Example using English—Afrikaans:

Filename Comment
apertium-en-af.af.dix.xml Afrikaans monolingual dictionary
apertium-en-af.en-af.dix.xml English—Afrikaans bilingual dictionary
apertium-en-af.en.dix.xml English monolingual dictionary
apertium-en-af.symbols.xml List of grammatical symbols
apertium-en-af.af-en.t1x Afrikaans—English first stage transfer file (transfer)
apertium-en-af.af-en.t2x Afrikaans—English second stage transfer file (interchunk)
apertium-en-af.af-en.t3x Afrikaans—English third stage transfer file (postchunk)
apertium-en-af.en-af.t1x English—Afrikaans first stage transfer file (transfer)
apertium-en-af.en-af.t2x English—Afrikaans first stage transfer file (interchunk)
apertium-en-af.en-af.t3x English—Afrikaans first stage transfer file (postchunk)
modes.xml Modes specification file (see modes)

Using separate include files

One of the main things that separates this method is using separate include files for various bits, most just use it to define symbols, but it could be used for example for a large list of proper nouns, different domains or almost anything.

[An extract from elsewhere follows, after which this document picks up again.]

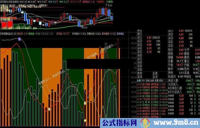 DRAWICON(FILTER(J>REF(J,1)AND 走势>=REF(走势,1)AND 走势<25 ,5),走势,5);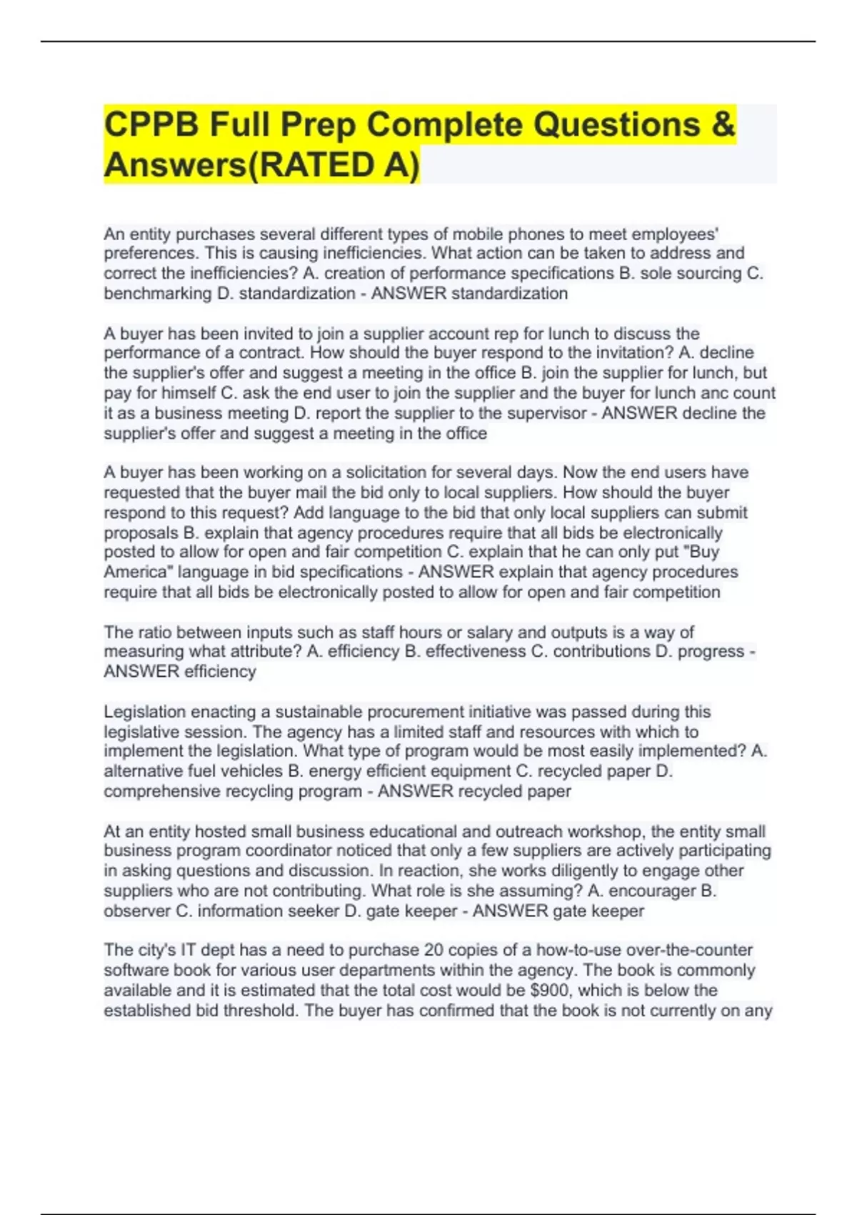 CPPB Exam Prep Complete Questions & Answers(RATED A)(COMPLETE FULL PACK SOLUTIONS!!!)EXAM BUNDLECPPB Exam Prep Complete Questions & Answers(RATED A)(COMPLETE FULL PACK SOLUTIONS!!!)EXAM BUNDLECPPB Exam Prep Complete Questions & Answers(RATED A)(COMPLETE FULL PACK SOLUTIONS!!!)EXAM BUNDLECPPB Exam Prep Complete Questions & Answers(RATED A)(COMPLETE

In all of the dictionary files:

<?xml version="1.0" encoding="UTF-8"?>
<dictionary>
<alphabet>ÄÊËÖÜäêëöüßABCDEFGHIJKLMNOPQRSTUVWXYZabcdefghijklmnopqrstuvwxyz</alphabet>

  <!-- Symbol definitions -->
  <xi:include xmlns:xi="http://www.w3.org/2001/XInclude" href="apertium-en-af.symbols.xml"/>

  <pardefs>
    
    ...
  
  </pardefs>
  <section id="main" type="inconditional">

    ...

  </section>
</dictionary>

In the apertium-en-af.symbols.xml file:

<?xml version="1.0" encoding="UTF-8"?> <!-- -*- nxml -*- -->

  <sdefs>
    <sdef n="n"       c="Noun"/>
    <sdef n="m"       c="Masculine"/>
    <sdef n="f"       c="Feminine"/>

    ...
  </sdefs>

Then in the Makefile.am, append the following to the TARGETS_COMMON:

TARGETS_COMMON = $(BASENAME).$(LANG1).dix $(BASENAME).$(LANG2).dix $(BASENAME).$(LANG1)-$(LANG2).dix \

And add the following targets underneth:

$(BASENAME).$(LANG1).dix:
        xmllint --xinclude $(BASENAME).$(LANG1).dix.xml > $(BASENAME).$(LANG1).dix
$(BASENAME).$(LANG2).dix:
        xmllint --xinclude $(BASENAME).$(LANG2).dix.xml > $(BASENAME).$(LANG2).dix
$(BASENAME).$(LANG1)-$(LANG2).dix:
        xmllint --xinclude $(BASENAME).$(LANG1)-$(LANG2).dix.xml > $(BASENAME).$(LANG1)-$(LANG2).dix

You may also want to specify a clean-dicts target:

clean-dicts:
        rm $(BASENAME).$(LANG1).dix
        rm $(BASENAME).$(LANG2).dix
        rm $(BASENAME).$(PREFIX1).dix